Prust didn’t start out as a fighter, but he realized he had to try to stand out in order to get noticed down in juniors because he wasn’t the most skilled scorer. He started hitting and checking as much as he could, but that ended up getting him into fights he couldn’t really compete in.
He turned to his teammate and friend Chris Bane, who started teaching him how to fight and sparred with him after practices. Prust didn’t fight because he wanted to fight. He fought in order to stand out and make himself a worthy member of his team. Despite his efforts, he was cut, but three games into the season, he was given an opportunity to show what he was made of, and was never sent down again.
As Prust made his way up the ranks of the hockey world, he continued to create the image of himself as a tough guy and an “enforcer,” and he has made a career out of it. The reason he was signed to a four-year, 10 million dollar contract by the Montreal Canadiens back in 2012 is the same reason that many teams sign players like Prust: to keep their teams and the game of hockey safe.
Allowing players to stop in the midst of gameplay, drop their gloves and punch each other in the face seems a bit unnecessary and almost barbaric, but for players like Prust it serves a purpose. On the surface, it just seems like two guys that are really angry with each other, but Prust discusses the idea of strategy and build-up that leads to a fight. He talks about how it can swing momentum in your team’s favor, or send a message to opponents. Prust makes a point that one rarely fights for fighting’s sake, and I think lots of people who look at hockey from the outside don’t realize that.
I also gained a newfound respect for Prust after he discussed an incident that occurred in last year’s Eastern Conference Final. The Rangers, Prust’s former team, played against his Canadiens in the ECF, and the Rangers were leading 2-0. Prust knew he needed to make a big hit or get under the skin of Rangers’ goaltender Henrik Lundqvist in order to change the course of the series for his team. He didn’t know how he could do that when most of the players on the team were his former teammates and friend. Eventually, he ended up catching Rangers’ center Derek Stepan going up the ice and leveled him, breaking his jaw.

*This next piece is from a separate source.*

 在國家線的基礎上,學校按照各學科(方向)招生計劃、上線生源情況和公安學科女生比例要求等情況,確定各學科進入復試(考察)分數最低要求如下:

When it happened, it appeared Prust didn’t seem to care. Not knowing the back story, it looked like Prust just wanted to injure anyone to make a point for his team, which made me lose a great deal of respect for him.

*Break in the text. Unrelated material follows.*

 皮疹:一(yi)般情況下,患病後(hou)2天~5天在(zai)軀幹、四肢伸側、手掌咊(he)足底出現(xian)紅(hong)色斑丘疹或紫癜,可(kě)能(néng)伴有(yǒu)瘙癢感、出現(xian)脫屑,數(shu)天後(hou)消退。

I felt that his hug with Stepan at the end of the series on the handshake line wasn’t genuine at all and that he did it just to save face. After reading his take on it however, I completely changed my mind. Prust talked about how he texted Stepan immediately after the game to see how he was and that Stepan understood he wasn’t trying to injure him at all; he was just trying to do his job as the enforcer of the Montreal Canadiens.

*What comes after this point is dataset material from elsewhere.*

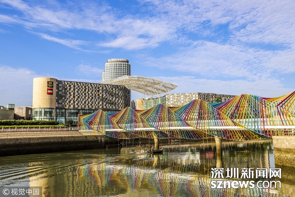 “七彩桥”亮相青岛 色彩斑斓宛如童话世界
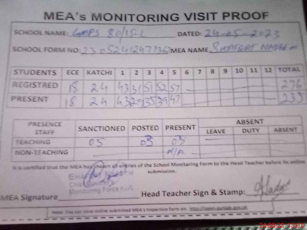 | Attendance Register | Head Teacher | MEA with School | Visit Proof |

Reading that, it made me completely change my outlook on Prust, a player who I used to love watching when he played for the Rangers. When a player like Prust isn’t on your side, he appears to be a thug and a ruthless animal only looking to injure your team’s players. But in reality, these players are making their living by sticking up for their teammates and playing a pivotal role in momentum shifts throughout a game.
As Prust says, “That’s hockey, man. We wouldn’t have it any other way.”